New model is can be seen that under simple scene from authorization flow figure, although verification process is complex, To result be also that the request of C receives, the request of D refusal is consistent with the model result that software uses.Following example is by explanation Such issues that how some shortcomings of traditional access control model and this model solve.

Access control scene 2:

A:I

B replys A (I):r1

C replys A (I):r4

C replys B (r1):r2

A replys C (r2):r3

Background:A, good friend, D are the good friend of A, C each other by B, C, are not the good friends of B.

Request:R is read in D SEPARATE APPLICATION3And r4

Node:A、B、C、D、I、r1、r2、r3、r4

According to the access control policy of wechat itself, D ∈ (FriendListA∩FriendListC) for r3And r4All at It is vertical, so the request of the two is all received.But in this scene, r3With r2It is relevant, then r3In may include pass In r2The information of participant B, and B is not necessarily ready that this partial information is authorized to D to see, it may leakage which forms one The security breaches of privacy of user.

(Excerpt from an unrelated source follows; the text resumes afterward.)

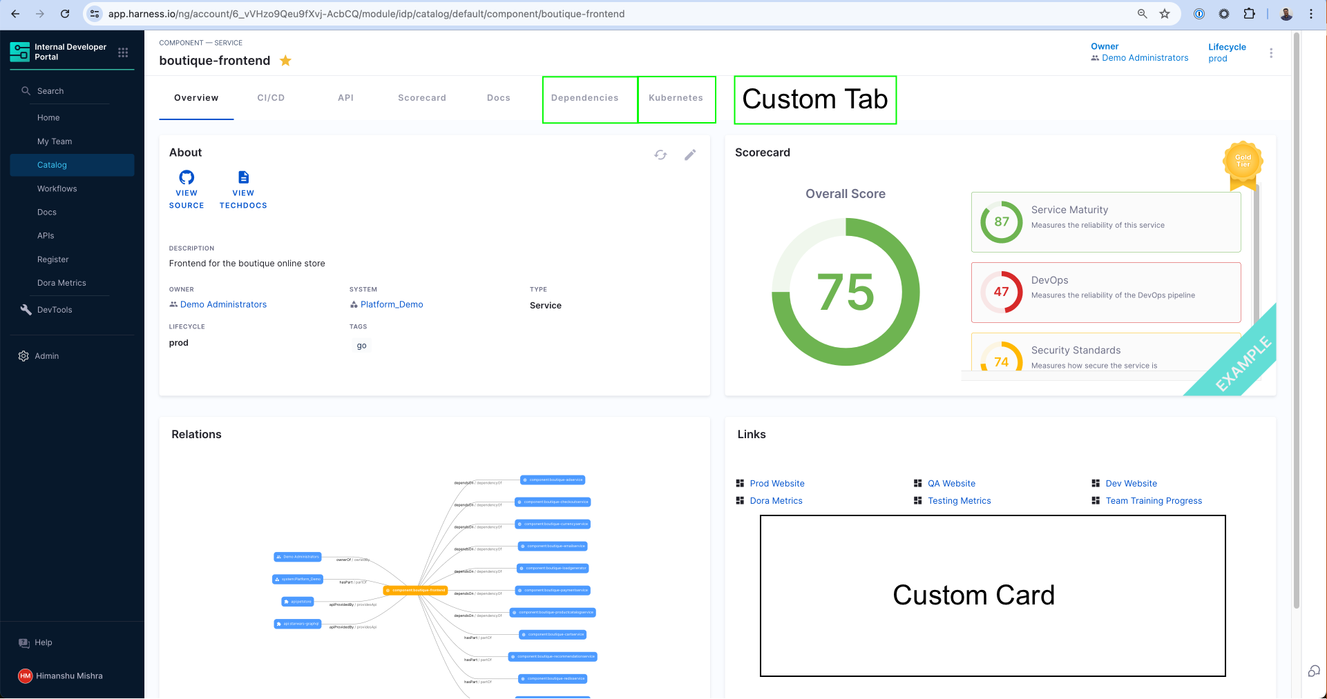 Every page that exists in the Software Catalog e.g. service, API, library, system etc. is uniquely designed to show the most relevant information to the developer for the particular type of application they are viewing. The views are powered by out-of-the-box components like the About card, Scorecard as well as the Plugins that are configured.
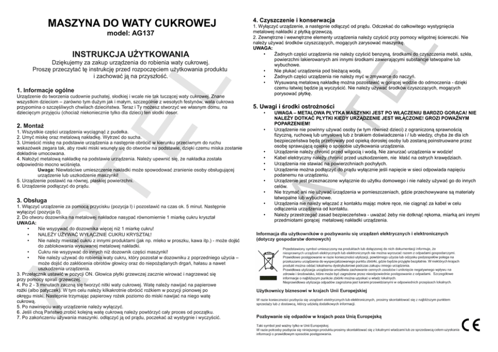 MASZYNA DO WATY CUKROWEJ model: AG137 INSTRUKCJA UŻYTKOWANIA Dziękujemy za zakup urządzenia do robienia waty cukrowej. Proszę przeczytać tę instrukcję przed rozpoczęciem użytkowania produktu i zachować ją na przyszłość. 1. Informacje ogólne Urządzenie do tworzenia cudownie puchatej, słodkiej i wcale nie tak tuczącej waty cukrowej. Znane wszystkim dzieciom – zarówno tym dużym jak i małym, szczególnie z wesołych festynów, wata cukrowa przypomina o szczęśliwych chwilach dzieciństwa. Teraz i Ty możesz stworzyć we własnym domu, na dziecięcym przyjęciu (chociaż niekoniecznie tylko dla dzieci) ten słodki deser. 2. Montaż 1. Wszystkie części urządzenia wyciągnąć z pudełka. 2. Umyć miskę oraz metalową nakładkę. Wytrzeć do sucha. 3. Umieścić miskę na podstawie urządzenia a następnie obrócić w kierunku przeciwnym do ruchu wskazówek zegara tak, aby rowki miski wsunęły się do otworów na podstawie, dzięki czemu miska zostanie dokładnie umocowana. 4. Nałożyć metalową nakładkę na podstawie urządzenia. Należy upewnić się, że nakładka została odpowiednio mocno wciśnięta. Uwaga: Niewłaściwe umieszczenie nakładki może spowodować zranienie osoby obsługującej urządzenie lub uszkodzenie maszynki! 5. Urządzenie postawić na równej, płaskiej powierzchni. 6. Urządzenie podłączyć do prądu. 4. Czyszczenie i konserwacja 1. Wyłączyć urządzenie, a następnie odłączyć od prądu. Odczekać do całkowitego wystygnięcia metalowej nakładki z płytką grzewczą. 2. Zewnętrzne i wewnętrzne elementy urządzenia należy czyścić przy pomocy wilgotnej ściereczki. Nie należy używać środków czyszczących, mogących zarysować maszynkę. UWAGA: • Żadnych części urządzenia nie należy czyścić benzyną, środkami do czyszczenia mebli, szkła, powierzchni lakierowanych ani innymi środkami zawierającymi substancje łatwopalne lub wybuchowe. • Nie płukać urządzenia pod bieżącą wodą. • Żadnych części urządzenia nie należy myć w zmywarce do naczyń. • Wysuwaną metalową nakładkę można pozostawić w gorącej wodzie do odmoczenia - dzięki czemu łatwiej będzie ją wyczyścić. Nie należy używać środków czyszczących, mogących porysować płytkę. 5. Uwagi i środki ostrożności • • • • • • • • 3. Obsługa 1. Włączyć urządzenie za pomocą przycisku (pozycja l) i pozostawić na czas ok. 5 minut. Następnie wyłączyć (pozycja 0). 2. Do otworu dozownika na metalowej nakładce nasypać równomiernie 1 miarkę cukru kryształ UWAGA: • Nie wsypywać do dozownika więcej niż 1 miarkę cukru! • NALEŻY UŻYWAĆ WYŁĄCZNIE CUKRU KRYSZTAŁ! • Nie należy mieszać cukru z innymi produktami (jak np. mleko w proszku, kawa itp.) - może dojść do zablokowania wysuwanej metalowej nakładki. • Cukru nie wsypywać do innych niż dozownik części maszynki! • Nie należy używać do robienia waty cukru, który pozostał w dozowniku z poprzedniego użycia – może dojść do zakłócenia obrotów głowicy oraz do niepożądanych drgań, hałasu a nawet uszkodzenia urządzenia. 3. Przełącznik ustawić w pozycji ON. Głowica płytki grzewczej zacznie wirować i nagrzewać się przy pomocy spirali grzewczej. 4. Po 2 - 3 minutach zaczną się tworzyć nitki waty cukrowej. Watę należy nawijać na papierowe rożki (albo patyczek). W tym celu należy kilkakrotnie obrócić rożkiem w pozycji pionowej po okręgu miski, Następnie trzymając papierowy rożek poziomo do miski nawijać na niego watę cukrową. 5. Po nawinięciu waty urządzenie należy wyłączyć. 6. Jeśli chcą Państwo zrobić kolejną watę cukrową należy powtórzyć cały proces od początku. 7. Po zakończeniu używania maszynki. odłączyć ją od prądu, poczekać aż wystygnie i wyczyścić. • • UWAGA – METALOWA PŁYTKA MASZYNKI JEST PO WŁĄCZENIU BARDZO GORĄCA! NIE NALEŻY DOTKAĆ PŁYTKI KIEDY URZĄDZENIE JEST WŁĄCZONE! GROZI POWAŻNYM POPARZENIEM! Urządzenie nie powinny używać osoby (w tym również dzieci) z ograniczoną sprawnością fizyczną, ruchową lub umysłową lub z brakiem doświadczenia i / lub wiedzy, chyba że dla ich bezpieczeństwa będą przebywały pod opieką dorosłej osoby lub zostaną poinstruowane przez osobę sprawującą opiekę o sposobie użytkowania urządzenia. Urządzenie należy chronić przed wilgocią i wodą. Nie zanurzać urządzenia w wodzie! Kabel elektryczny należy chronić przed uszkodzeniem, nie kłaść na ostrych krawędziach. Urządzenia nie stawiać na powierzchniach pochyłych. Urządzenie można podłączyć do prądu wyłącznie jeśli napięcie w sieci odpowiada napięciu podanemu na urządzeniu. Urządzenie jest przeznaczone wyłącznie do użytku domowego i nie należy używać go do innych celów. Nie trzymać ani nie używać urządzenia w pomieszczeniach, gdzie przechowywane są materiały łatwopalne lub wybuchowe. Urządzenia nie należy włączać z kontaktu mając mokre ręce, nie ciągnąć za kabel w celu odłączenia urządzenia od kontaktu. Należy przestrzegać zasad bezpieczeństwa - uważać żeby nie dotknąć rękoma, miarką ani innymi przedmiotami gorącej metalowej nakładki urządzenia.

According to this model, then there is 2 model table of scene of table 3:

Table 3

Node L R E A - D∈FriendListA D∈FriendListA B - D∈FriendListB D∈FriendListB C - D∈FriendListC D∈FriendListC I A - A r1 I,A,B - I∧A∧B r2 r1,B,C - r1∧B∧C r3 r2,A,C - r2∧A∧C r4 A,C - A∧C

Compare r3And r4Request, r4E be similar to wechat itself used by access control policy, due to D ∈ (FriendListA∩FriendListC) it is 1, so after the mandate of A and C nodes, read r4Application received.Instead See r3, due to r3With r2Correlation, its E contain r2, certificate will authorize will be by the mandate of B, it is clear that can not pass through.

This result compares the privacy that traditional access control policy preferably protects user, also embodies this model existing For under the more complicated access control scene of network, the flow of mandate is more rigorous.Current network environment interactive relation is complicated, Resource propagate it is more frequent, it is related to access path or there are the data of multilayer subordinate relation often to there is security risk.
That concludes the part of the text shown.